Mechanistic Elucidation of a Radical‐Promoted Hydrogenation Relevant to Borrowing Hydrogen Catalysis

Abstract

AbstractIn the borrowing hydrogen catalysis, hydrogenation of an in situ generated imine or olefinic bond is a crucial step. There is a growing body of literature in olefinic hydrogenation promoted by metal hydride of Earth‐abundant metals, where radical mechanism is followed. This report presents a thorough study of the mechanistic details of a nickel catalyzed α‐alkylation of ketones with secondary alcohols and showcases that the olefinic hydrogenation of an enone happens, completely bypassing the involvement of a metal hydride.
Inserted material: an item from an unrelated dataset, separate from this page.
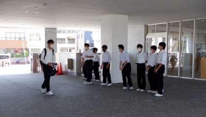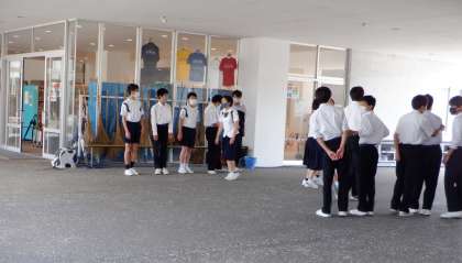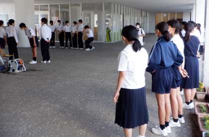 画像は生徒会が行っている「Fresh朝活」の様子です。

This pathway is radical promoted, where a single electron reduction of the substrate olefin and a subsequent hydrogen atom transfer step are most critical. A series of control reactions, detection of critical reaction intermediates, and radical probe experiments provide compelling proofs for such radical‐promoted olefinic hydrogenation. The experimental clues, further aided by DFT calculations altogether suggest the precise one‐electron chemistry where the involvement of metal‐hydride is not required. Notably, the redox non‐innocence of the azophenolate backbone, as well as imposed noninnocence of the substrate olefin, when bound to the catalyst molecule makes such mechanism feasible.